BY SUSAN KEETER
Levi Haddad was about to turn 4 when he went with his mother to her doctor’s appointment in November 2017. The youngster was tugging on his ears. The doctor felt a line of bumps where Levi’s neck met his shoulders, prescribed antibiotics and scheduled a follow-up appointment in two weeks.
Laurin Haddad remembers that her son had been increasingly tired and congested, symptoms that mimicked allergies. Four days after the doctor’s appointment, Levi was so exhausted that he lay on the floor during his birthday party. At night, his snores turned into gasps for breath. The next morning, Haddad called the doctor to ask for blood tests and took Levi to an urgent care center.
After the blood work was done, mother and son tried to enjoy a pancake breakfast at The Gem Diner on Spencer Street in Syracuse. Before noon, their family doctor called with the results from the laboratory. She told them to immediately go to the emergency department at Upstate.
Levi was admitted to the Upstate Golisano Children’s Hospital. The next morning, he received his first treatment for T-cell acute lymphoblastic leukemia, under the care of pediatric hematologist/oncologist Philip Monteleone, MD, in Upstate’s Waters Center for Children’s Cancer and Blood Disorders.
For the first six months of treatment, Levi and his mother alternated between hospital stays and time at home, in relative isolation. Haddad wanted to protect her son from exposure to infections while his immune system was depressed by chemotherapy. She kept family and friends updated through a free website called CaringBridge.org.

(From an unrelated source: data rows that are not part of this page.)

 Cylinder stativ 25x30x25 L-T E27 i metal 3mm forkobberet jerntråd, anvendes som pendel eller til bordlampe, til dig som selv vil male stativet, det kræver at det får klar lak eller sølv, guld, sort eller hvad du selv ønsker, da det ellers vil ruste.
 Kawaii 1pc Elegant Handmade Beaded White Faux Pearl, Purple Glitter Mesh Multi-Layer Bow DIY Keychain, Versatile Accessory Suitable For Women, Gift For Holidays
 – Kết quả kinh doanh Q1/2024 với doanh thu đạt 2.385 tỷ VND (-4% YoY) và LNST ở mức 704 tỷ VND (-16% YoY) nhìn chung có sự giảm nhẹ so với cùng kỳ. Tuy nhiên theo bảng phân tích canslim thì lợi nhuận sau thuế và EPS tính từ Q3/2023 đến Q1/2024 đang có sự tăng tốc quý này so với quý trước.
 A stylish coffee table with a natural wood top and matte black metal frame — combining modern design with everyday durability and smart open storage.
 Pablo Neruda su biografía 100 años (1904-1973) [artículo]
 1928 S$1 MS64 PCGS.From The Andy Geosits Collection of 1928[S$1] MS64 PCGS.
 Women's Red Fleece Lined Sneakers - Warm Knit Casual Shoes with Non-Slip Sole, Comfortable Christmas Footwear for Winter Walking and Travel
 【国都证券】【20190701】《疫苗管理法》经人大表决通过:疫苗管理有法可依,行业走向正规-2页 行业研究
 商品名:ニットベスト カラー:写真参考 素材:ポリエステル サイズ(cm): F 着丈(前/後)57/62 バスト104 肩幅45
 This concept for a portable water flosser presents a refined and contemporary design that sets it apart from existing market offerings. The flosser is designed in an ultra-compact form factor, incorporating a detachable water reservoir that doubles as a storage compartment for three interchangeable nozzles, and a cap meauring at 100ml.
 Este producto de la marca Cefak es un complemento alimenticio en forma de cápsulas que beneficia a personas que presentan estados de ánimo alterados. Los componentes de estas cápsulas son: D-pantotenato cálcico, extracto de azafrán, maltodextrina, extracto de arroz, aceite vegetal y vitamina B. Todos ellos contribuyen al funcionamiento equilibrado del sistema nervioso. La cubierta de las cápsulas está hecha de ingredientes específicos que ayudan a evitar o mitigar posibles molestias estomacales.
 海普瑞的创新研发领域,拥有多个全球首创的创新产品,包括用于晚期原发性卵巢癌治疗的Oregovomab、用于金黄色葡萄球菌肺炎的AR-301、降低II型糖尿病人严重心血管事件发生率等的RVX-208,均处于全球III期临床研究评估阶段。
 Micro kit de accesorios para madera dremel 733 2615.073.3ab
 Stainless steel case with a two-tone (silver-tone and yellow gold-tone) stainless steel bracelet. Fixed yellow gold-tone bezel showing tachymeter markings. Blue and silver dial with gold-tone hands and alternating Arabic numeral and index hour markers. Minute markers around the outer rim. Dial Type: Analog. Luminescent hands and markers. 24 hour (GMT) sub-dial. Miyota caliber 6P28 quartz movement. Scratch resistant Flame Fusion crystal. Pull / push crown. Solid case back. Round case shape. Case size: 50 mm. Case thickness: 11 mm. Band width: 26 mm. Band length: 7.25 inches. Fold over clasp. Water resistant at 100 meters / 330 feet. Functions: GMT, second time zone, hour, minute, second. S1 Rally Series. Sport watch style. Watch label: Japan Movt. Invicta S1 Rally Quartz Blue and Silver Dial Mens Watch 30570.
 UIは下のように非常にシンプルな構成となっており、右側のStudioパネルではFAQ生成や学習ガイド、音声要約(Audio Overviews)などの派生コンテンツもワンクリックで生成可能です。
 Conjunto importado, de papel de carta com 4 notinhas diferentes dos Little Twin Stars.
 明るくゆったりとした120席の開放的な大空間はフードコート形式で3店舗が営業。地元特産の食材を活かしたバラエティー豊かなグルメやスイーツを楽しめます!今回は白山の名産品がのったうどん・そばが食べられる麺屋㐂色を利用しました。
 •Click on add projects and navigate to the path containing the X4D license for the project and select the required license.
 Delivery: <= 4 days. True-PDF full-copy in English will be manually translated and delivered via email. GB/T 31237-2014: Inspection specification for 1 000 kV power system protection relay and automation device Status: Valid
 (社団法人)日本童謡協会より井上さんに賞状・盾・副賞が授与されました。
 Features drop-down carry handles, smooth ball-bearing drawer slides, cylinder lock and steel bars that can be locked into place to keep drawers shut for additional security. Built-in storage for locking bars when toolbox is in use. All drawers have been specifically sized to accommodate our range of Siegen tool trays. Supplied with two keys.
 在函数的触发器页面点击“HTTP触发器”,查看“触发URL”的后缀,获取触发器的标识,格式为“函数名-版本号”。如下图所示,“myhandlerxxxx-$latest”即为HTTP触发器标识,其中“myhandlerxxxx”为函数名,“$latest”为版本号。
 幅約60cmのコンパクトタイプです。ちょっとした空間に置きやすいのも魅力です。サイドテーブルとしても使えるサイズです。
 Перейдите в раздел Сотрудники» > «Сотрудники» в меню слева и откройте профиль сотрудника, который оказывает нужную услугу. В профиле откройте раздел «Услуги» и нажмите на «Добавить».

Levi received a variety of cancer medications, in liquid and pill form, and through intravenous lines. He submitted to lumbar punctures — needle sticks in his lower back — and had to take steroids.
Laurin Haddad acknowledges difficulty, especially when Levi’s “steroid monster” appears. That’s her description of the medication’s side effects: lethargy, salt cravings, physical pain and anger.
But many times Levi is still her kind-hearted son with the sweet smile. Haddad remembers one visit at the Upstate Cancer Center. Levi saw a little girl crying because she had to get a lumbar puncture. “It’ll be OK,” Levi told her as he put his arm around her. “It’s not that bad.”
In April 2018, with Monteleone’s approval, Levi returned to pre-kindergarten at the Jewish Community Center in Syracuse. His mother went back to her law practice, part time, and worked around Levi’s weekly chemotherapy treatments and hospitalizations. In August, the JCC hosted a blood drive and a bone marrow donor drive in Levi’s honor. At that time, his treatments followed a 10-day cycle: chemotherapy and an appointment at the Upstate Cancer Center, then home for 10 days.
Now, Levi is receiving maintenance chemotherapy. He has monthly intravenous treatments at Upstate and takes steroids for a week each month. Twice in three months, he has a lumbar puncture to inject chemotherapy into his spinal fluid. He takes a pill once a day, plus an additional pill once a week. This treatment is scheduled to continue until April 2020.
Throughout it all, Levi has been busy at his pre-kindergarten class, working to make up for the six months of school he missed.
Haddad says she has learned a lot in the year since her son’s diagnosis. “When your child has cancer, you see his life as more precious.
“You are terrified,” she admits. “But you can’t interfere with your child’s happiness. So you paint a smile on your face and figure out how to get your lives back to normal as much as possible.”
What is T-cell acute lymphoblastic leukemia?
Acute lymphoblastic leukemia (ALL) is the most common childhood malignancy, found in approximately one-third of all newly diagnosed pediatric cancer patients.
ALL is a blood cancer in which too many lymphoblasts (immature white blood cells) are found in the bone marrow and blood. The T-cell type is fast-growing and found in 10 to 25 percent of pediatric ALL cases. Children with T-cell ALL typically receive more and higher doses of anticancer drugs than children with the more common early B-cell subtype.
Symptoms of ALL include fever; easy bruising or bleeding; loss of appetite; pale pallor; tiredness and weakness; bone or joint pain; pain or feeling of fullness below the ribs; painless lumps in the neck, underarms, stomach or groin; and petechiae, which are flat, pinpoint, dark red spots beneath the skin caused by bleeding.
Sources: National Cancer Institute and Atlas of Genetics and Cytogenetics in Oncology and Haemotology
This article appears in the winter 2019 issue of Cancer Care magazine.